COLLECTED DATA →
<<<<

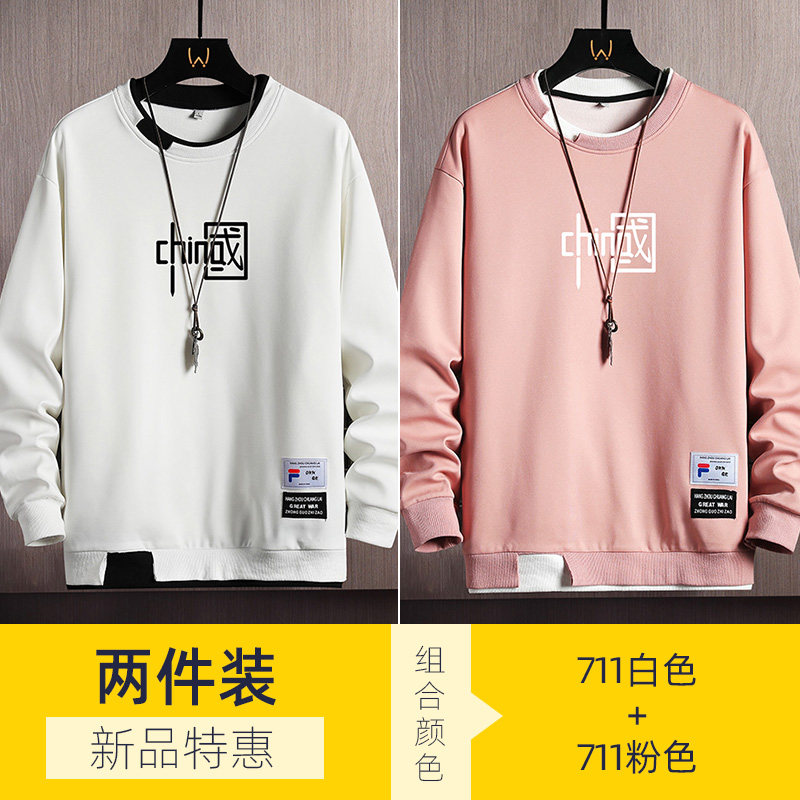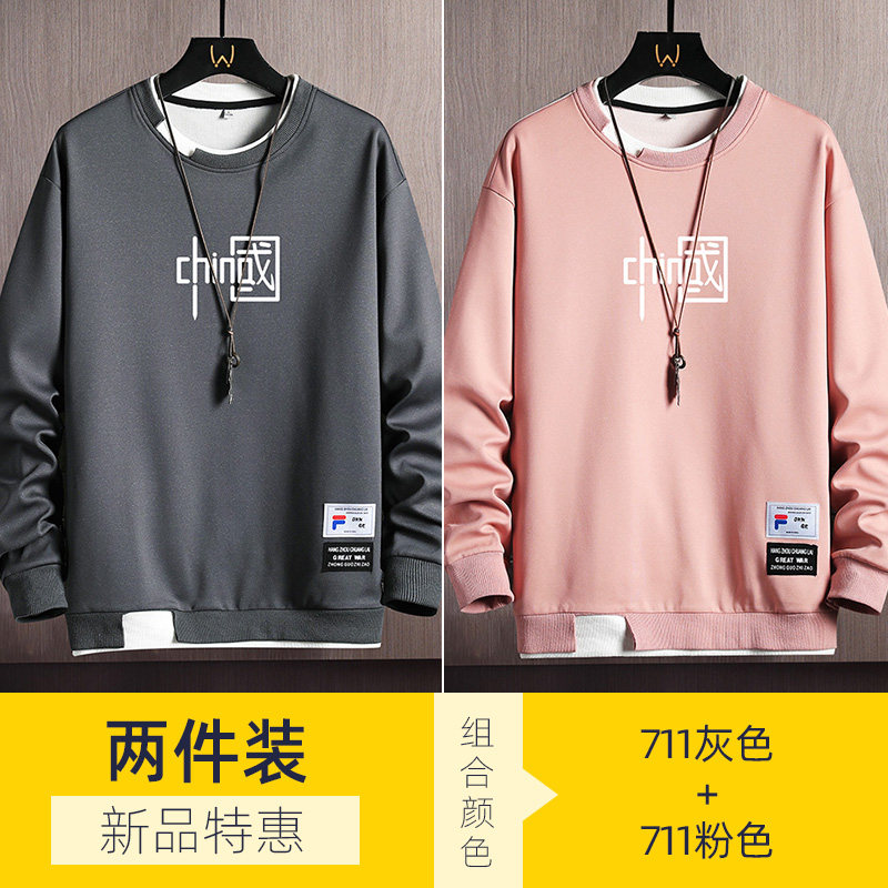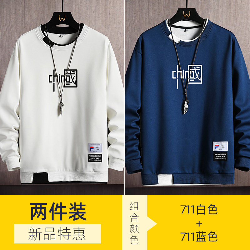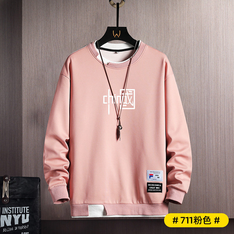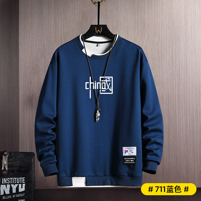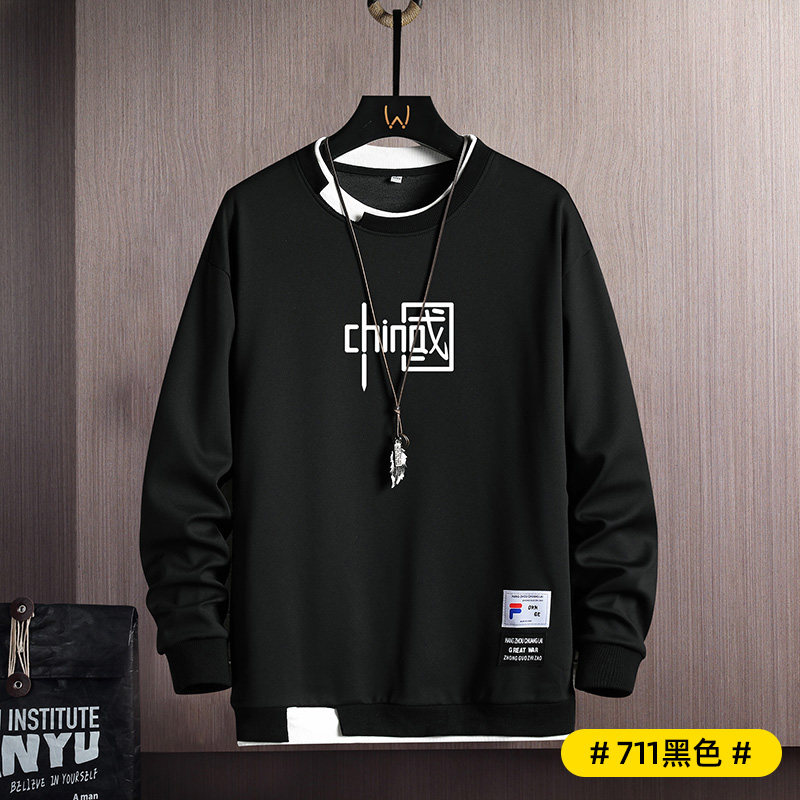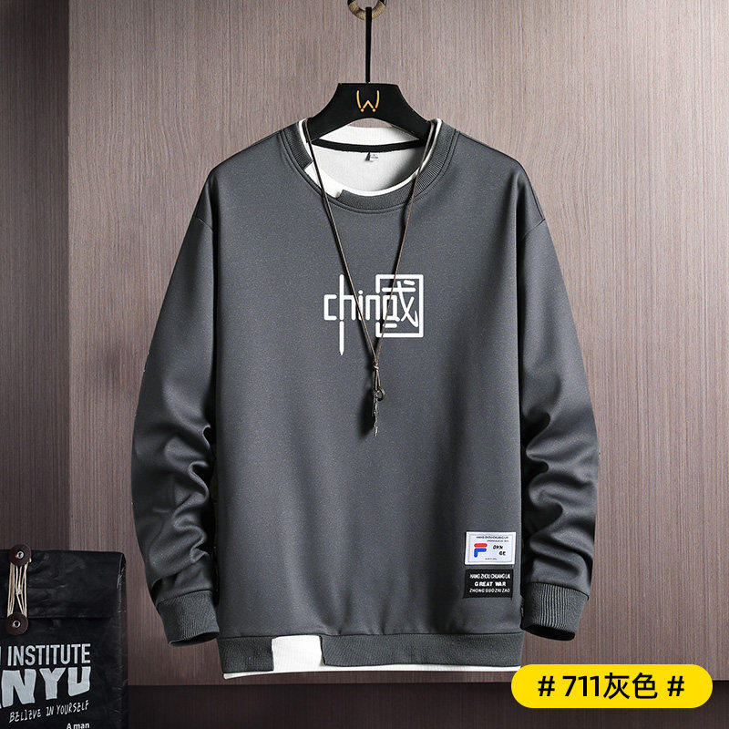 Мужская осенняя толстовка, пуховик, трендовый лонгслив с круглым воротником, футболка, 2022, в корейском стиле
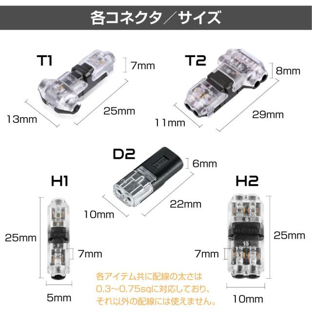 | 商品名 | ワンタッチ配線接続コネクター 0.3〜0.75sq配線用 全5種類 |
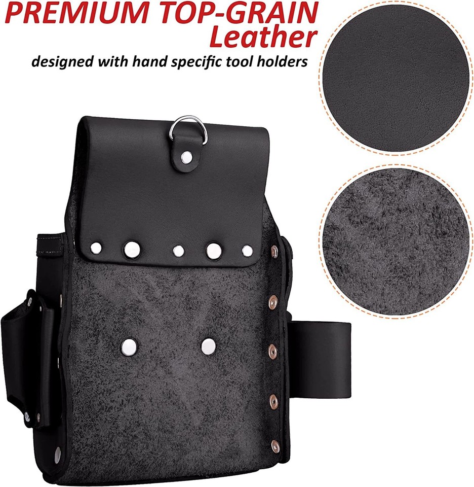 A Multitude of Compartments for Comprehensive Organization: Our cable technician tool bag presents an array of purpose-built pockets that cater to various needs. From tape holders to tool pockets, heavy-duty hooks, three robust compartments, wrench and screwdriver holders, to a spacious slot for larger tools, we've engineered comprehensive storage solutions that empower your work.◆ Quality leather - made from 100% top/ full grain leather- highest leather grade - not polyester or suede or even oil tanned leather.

>>>>

EXERCISE AIM → Without the pictures, transcribe the lines from the one containing "0.3〜0.75sq配線用 全5種類 |" through the end of the data, exactly and only those.

TASK RESULT →
 | 商品名 | ワンタッチ配線接続コネクター 0.3〜0.75sq配線用 全5種類 |
 A Multitude of Compartments for Comprehensive Organization: Our cable technician tool bag presents an array of purpose-built pockets that cater to various needs. From tape holders to tool pockets, heavy-duty hooks, three robust compartments, wrench and screwdriver holders, to a spacious slot for larger tools, we've engineered comprehensive storage solutions that empower your work.◆ Quality leather - made from 100% top/ full grain leather- highest leather grade - not polyester or suede or even oil tanned leather.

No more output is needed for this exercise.